To ensure fairness and originality, all students must adhere to the following principles:

  1. Create Your Own Work All dashboards, analyses, and notebooks submitted must be developed and written by you. You may refer to examples provided in class but must build your own unique implementation.

  2. Acknowledge All Sources If you use any reference material (datasets, code snippets, or ideas), always cite the source clearly in your report or notebook comments. Example:

    # Reference: Adapted from https://pandas.pydata.org/docs/getting_started/intro_tutorials/
  3. Use AI Tools Responsibly You are allowed to use AI assistants (such as ChatGPT, Copilot, or Gemini) to support your learning, but not to submit their raw output as your own. You must critically review, modify, and integrate any AI-generated content before submission.

  4. Avoid Code or Visualization Reuse from Peers Each participant’s submission must be distinct. Collaborative discussions are encouraged, but code sharing or duplication between students is not allowed.

  5. Originality in Design & Content

    • The layout, visual design, and analytical interpretation must be your own creation.
    • Pre-made visualizations shown in class or found online may not be reused unless they are significantly modified and properly cited.

7.3 Consequences of Plagiarism

Violations of academic integrity will lead to disciplinary action, including but not limited to:

  • Zero score for the assignment or project
  • Disqualification from course certification
  • Notification to academic supervisors or mentors
  • In severe cases, exclusion from future advanced modules or programs

All submissions will be subject to plagiarism and originality checks, including review of code history, notebook metadata, and dashboard inspection logs.

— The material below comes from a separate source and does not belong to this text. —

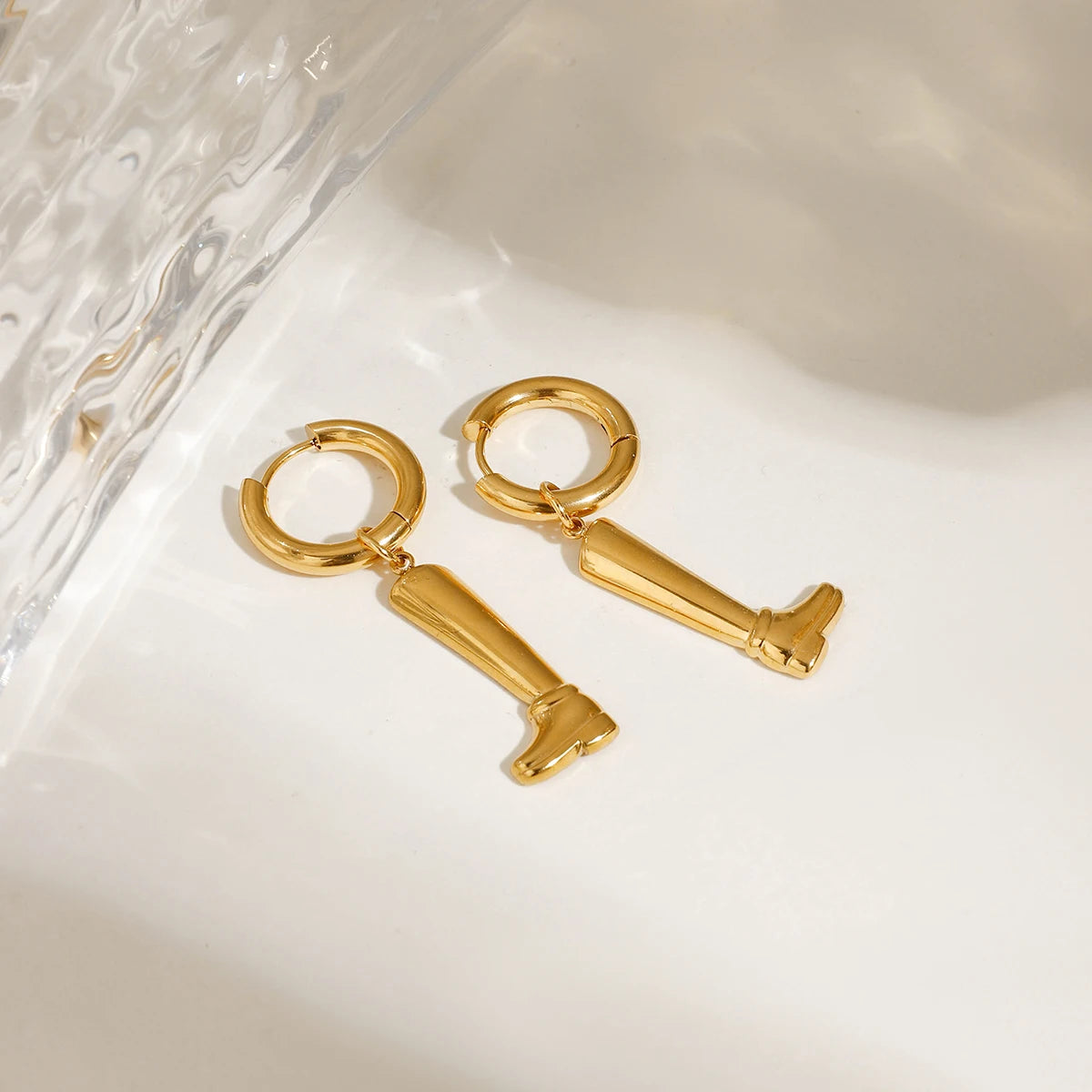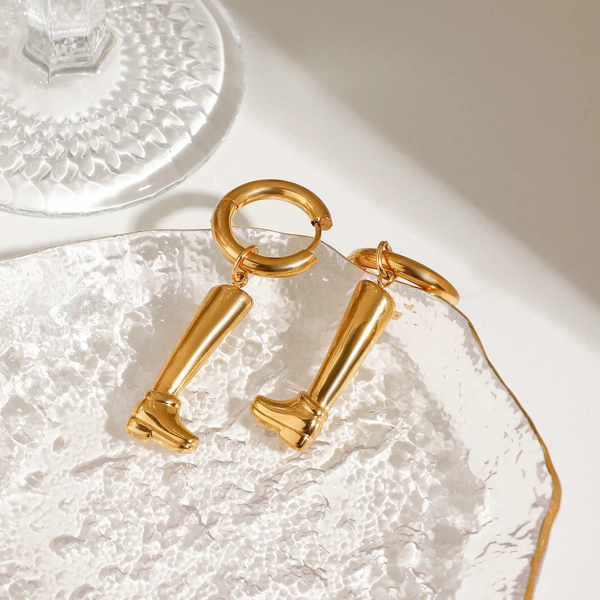 Minimalist 18k Gold Plated Stainless Steel Smooth Boots Shaped Pendant Earrings

💡 Remember: the goal of this capstone is not to produce a “perfect” app, but to demonstrate your genuine understanding and ability to apply AI techniques in a real-world context.

7.4 Encouragement for Integrity

Academic integrity reflects professional integrity. In the financial industry, trust and transparency are vital — the same principles apply to this capstone.

Your honest effort will not only help you pass this course but also strengthen your credibility as a future AI professional.

🧭 Be original. Be ethical. Build with integrity.